Der problembeladene US-Telekomausrüster Motorola hat im Schlussquartal 2007 einen drastischen Umsatz- und Gewinneinbruch verbucht und im Gesamtjahr rote Zahlen geschrieben. Jetzt will das Unternehmen sparen.

HB SCHAUMBURG. Wegen der schwachen Handy-Sparte stand unter dem Strich im vergangenen Jahr ein Verlust von 49 Mill. Dollar (33,6 Mio Euro). 2006 hatte Motorola noch einen Gewinn von 3,67 Mrd. Dollar erzielt.

Das Unternehmen arbeite hart an radikalen Einsparungen, kündigte der erst seit Jahresbeginn amtierende Konzernchef Greg Brown am Mittwoch in Schaumburg (Illinois) an. "Die Erholung bei Mobiltelefonen wird länger dauern als gedacht."

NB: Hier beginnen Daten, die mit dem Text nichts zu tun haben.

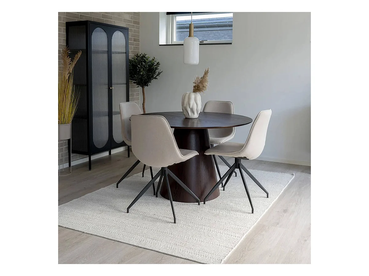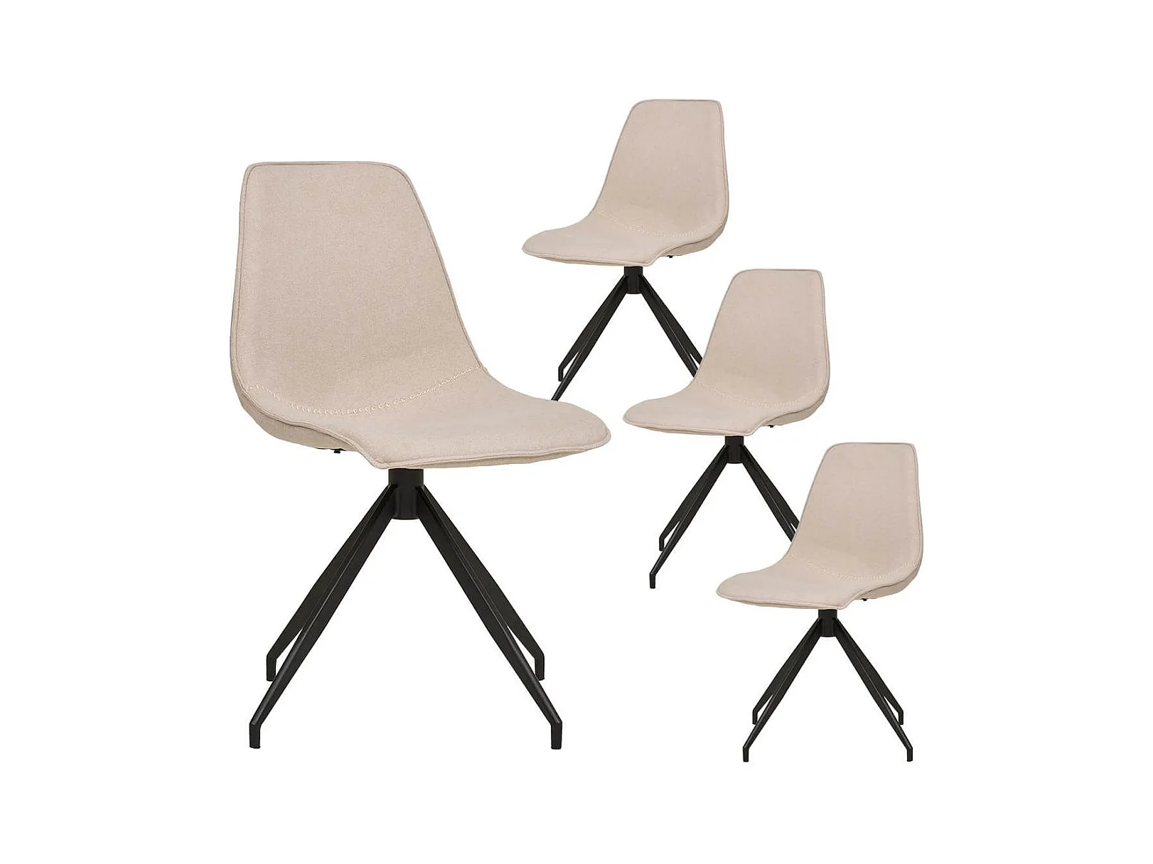 JACOB - Lot de 4 Chaises Tissu Beige Chiné Pied Pivotant Métal Noir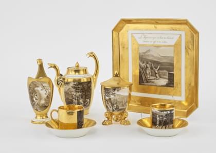 383. Tête-à-tête blanc et or à décor de scènes de tragédie en grisail...
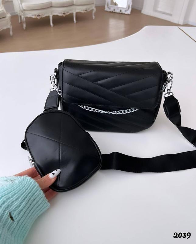 Код 2039 Ціна 1050 грн Сумочка з гаманцем на широкому ремені Всередині один загальний відділ , є кишені для дрібниць Розмір 24*18 см
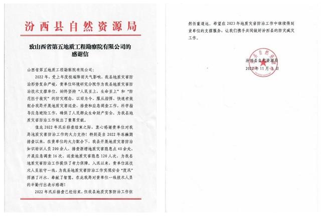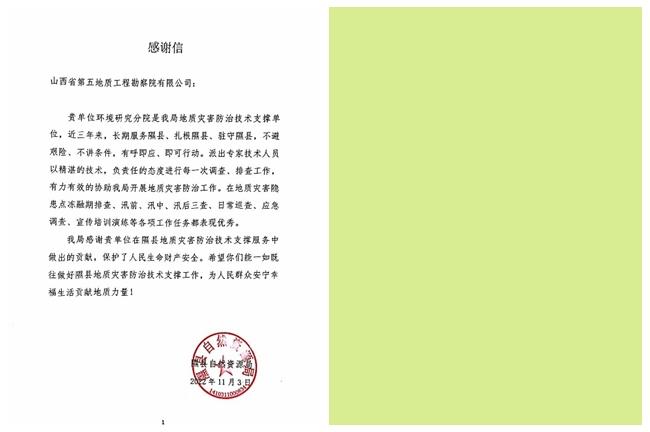 隰县自然资源局感谢信上书:“近三年来,长期服务隰县、扎根隰县、驻守隰县,不避艰险、不讲条件、有呼即应、即可行动。派出专家技术人员以精湛的技术,负责人的态度进行每一次应急调查、排查工作,有力有效的协助我局开展地质灾害防治工作。”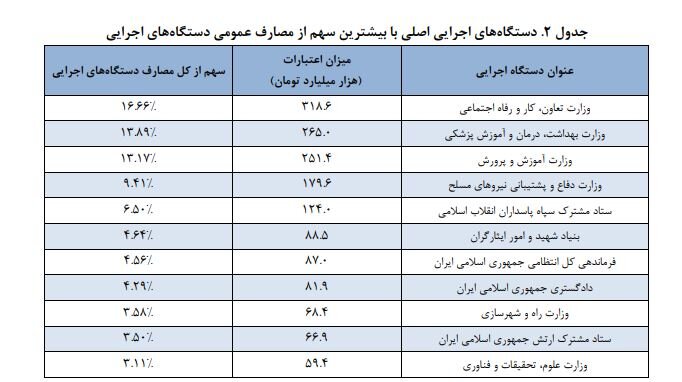 در این میان نگاهی به سهم قوه مقننه از بودجه دستگاههای اجرایی بیانگر آن است که وزارت تعاون، کار و رفاه اجتماعی، وزارت بهداشت درمان و آموزش پزشکی و وزارت آموزش و پرورش به ترتیب بیشترین سهم را از بودجه دستگاههای اجرایی دارند و در مجموع بیش از ۴۲ درصد از بودجه دستگاهی را تشکیل میدهند.

Im Schlussquartal fiel der Gewinn um mehr als 80 Prozent auf 100 Mill. Dollar. Der Umsatz brach um knapp 20 Prozent auf 9,65 Mrd. Dollar ein. Marktführer Nokia will an diesem Donnerstag seine Bilanz für das Schlussquartal vorlegen.

Branchenexperten zufolge fehlt Motorola ein ausreichend breites Produktportfolio. Für sehr erfolgreiche frühere Handy-Modelle fand der Hersteller keine zugkräftigen Nachfolger.